While this formatting is not as structured as Markdown, it provides a cleaner output compared to raw text.

`TextMode::Markdown` enables Markdown formatting.


```rust
use std::error::Error;

use dom_smoothie::{Article, Config, Readability, TextMode};

fn main() -> Result<(), Box<dyn Error>> {
    
    let html = include_str!("../test-pages/hacker_news.html");
    let cfg = Config {
        // Enable formatted text output
        text_mode: TextMode::Formatted,
        // Enable Markdown output (for more structured text)
        //text_mode: TextMode::Markdown,
        ..Default::default()
    };

    let mut readability = Readability::new(html, None, Some(cfg))?;

    let article: Article = readability.parse()?;
    println!("Text Content: {}", article.text_content);
    Ok(())
}
```
</details>


<details>
    <summary><b>Parsing with One Policy</b></summary>

The `Readability::parse_with_policy` method allows parsing content with a specific policy.
This method follows the same steps as `Readability::parse` but makes only a single attempt using the specified `ParsePolicy`.

As a result, it doesn't store the best attempt, leading to significantly lower memory consumption. Some policies may also be faster than others.
Typically, `ParsePolicy::Strict` is the slowest but provides the cleanest result. `ParsePolicy::Moderate` can also yield a good result, while the others may be less accurate.
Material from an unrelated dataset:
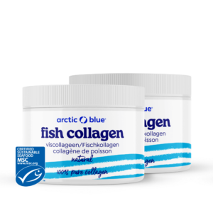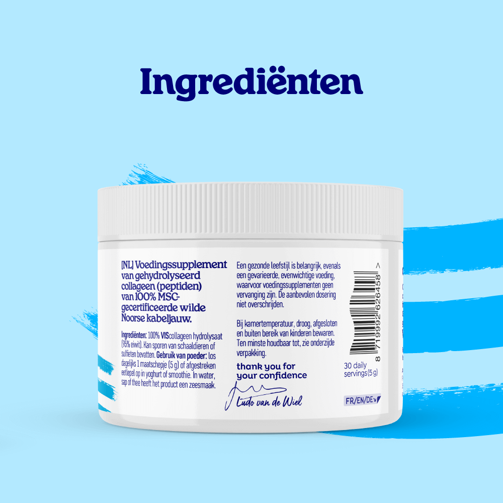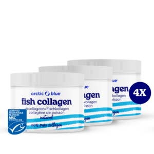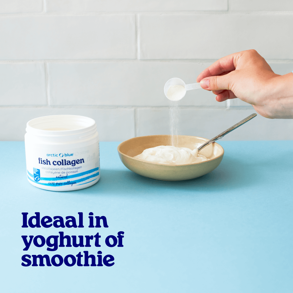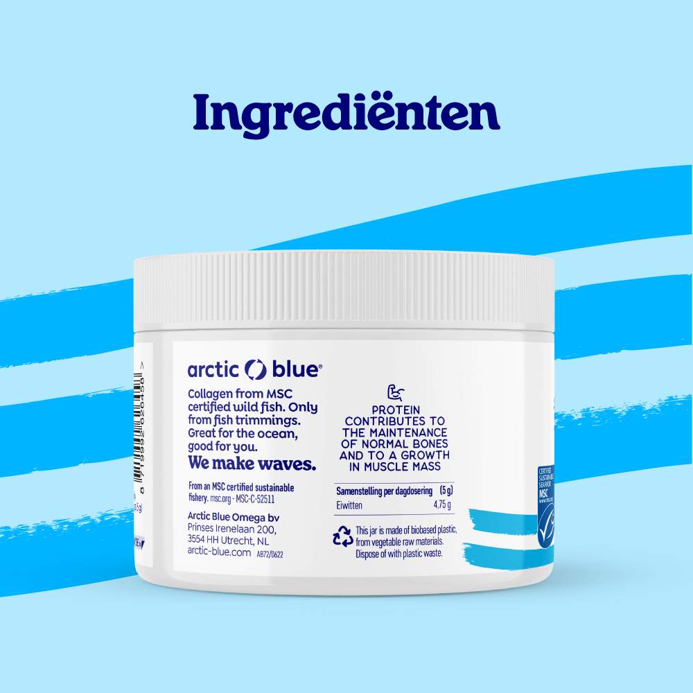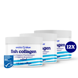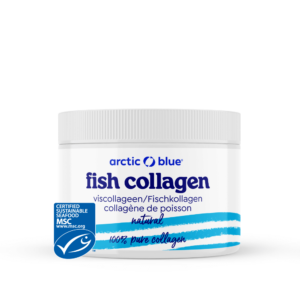 Collageen hydrolysaat betekent dat het viscollageen in kleinere stukjes eiwit is geknipt (gehydrolyseerd), de zogenaamde peptiden. Elk collageen supplement (poeder of capsules) is een hydrolysaat. In ons lichaam knippen we de peptiden verder in losse aminozuren die in het bloed worden opgenomen. De reden waarom Arctic Blue voor viscollageen kiest, is dat deze het meest vergelijkbaar is met menselijk collageen, wat hier wordt uitgelegd. Daarnaast is Arctic Blue het enige merk met een keurmerk voor het collageen poeder, dat bewijst dat het afkomstig is van wilde vis (en niet van bijv. kweek-tilapia of koeien).

In some cases, using certain policies (e.g., `ParsePolicy::Strict`) may result in a `ReadabilityError::GrabFailed` error, whereas `Readability::parse` might succeed.
This happens because `Readability::parse` attempts parsing with different policies (essentially a set of grab flags) until it either succeeds or exhausts all options.

```rust
use std::error::Error;
use dom_smoothie::{ParsePolicy, Readability};

fn main() -> Result<(), Box<dyn Error>> {
    let html = include_str!("../test-pages/readability/lazy-image-3/source.html");
    
    // Policy and expected success
    let cases: [(ParsePolicy, bool); 4] = [
        (ParsePolicy::Strict, false),
        (ParsePolicy::Moderate, false),
        (ParsePolicy::Clean, false),
        (ParsePolicy::Raw, true),
    ];

    for (policy, expected) in cases {
        let mut r = Readability::new(html, None, None)?;
        let article = r.parse_with_policy(policy);
        assert_eq!(article.is_ok(), expected);
    }
    
    Ok(())
}
```
</details>

## Crate Features

- `serde`: Enables the `serde::Serialize` and `serde::Deserialize` traits for the `Article`, `Metadata`, and `Config` structures.
- `aho-corasick`: Enables the use of the `aho-corasick` crate for defining unlikely candidates and for the node scoring process. 
This can speed up the parsing by 5-10% in some cases, at the cost of slightly higher memory usage and a larger binary size.


## See Also

- [readability-rs]https://crates.io/crates/readability-rs: a fork of the currently unmaintained [readability]https://crates.io/crates/readability crate.

## Changelog
[Changelog](./CHANGELOG.md)


## License

Licensed under MIT ([LICENSE](LICENSE) or http://opensource.org/licenses/MIT).

## Contribution

Any contribution intentionally submitted for inclusion in this project will be licensed under the MIT license, without any additional terms or conditions.